- [DATA FOR THE TASK]:
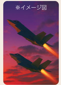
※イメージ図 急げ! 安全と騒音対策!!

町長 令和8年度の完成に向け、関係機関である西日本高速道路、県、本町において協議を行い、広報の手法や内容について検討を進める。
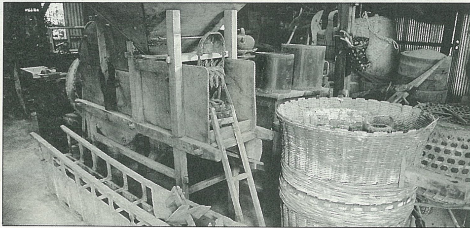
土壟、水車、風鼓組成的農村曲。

==

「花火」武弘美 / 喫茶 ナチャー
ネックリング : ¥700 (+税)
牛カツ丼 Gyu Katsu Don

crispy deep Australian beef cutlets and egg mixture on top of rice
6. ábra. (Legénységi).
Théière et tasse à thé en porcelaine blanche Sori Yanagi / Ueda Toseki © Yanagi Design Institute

- [PROBLEM]: In the entries above, find the line holding "ネックリング : ¥700 (+税)" and the line holding "Théière et tasse", then retype exactly those two lines and every line between them, and nothing else.

- [ANSWER TO THE EXERCISE]:
ネックリング : ¥700 (+税)
牛カツ丼 Gyu Katsu Don

crispy deep Australian beef cutlets and egg mixture on top of rice
6. ábra. (Legénységi).
Théière et tasse à thé en porcelaine blanche Sori Yanagi / Ueda Toseki © Yanagi Design Institute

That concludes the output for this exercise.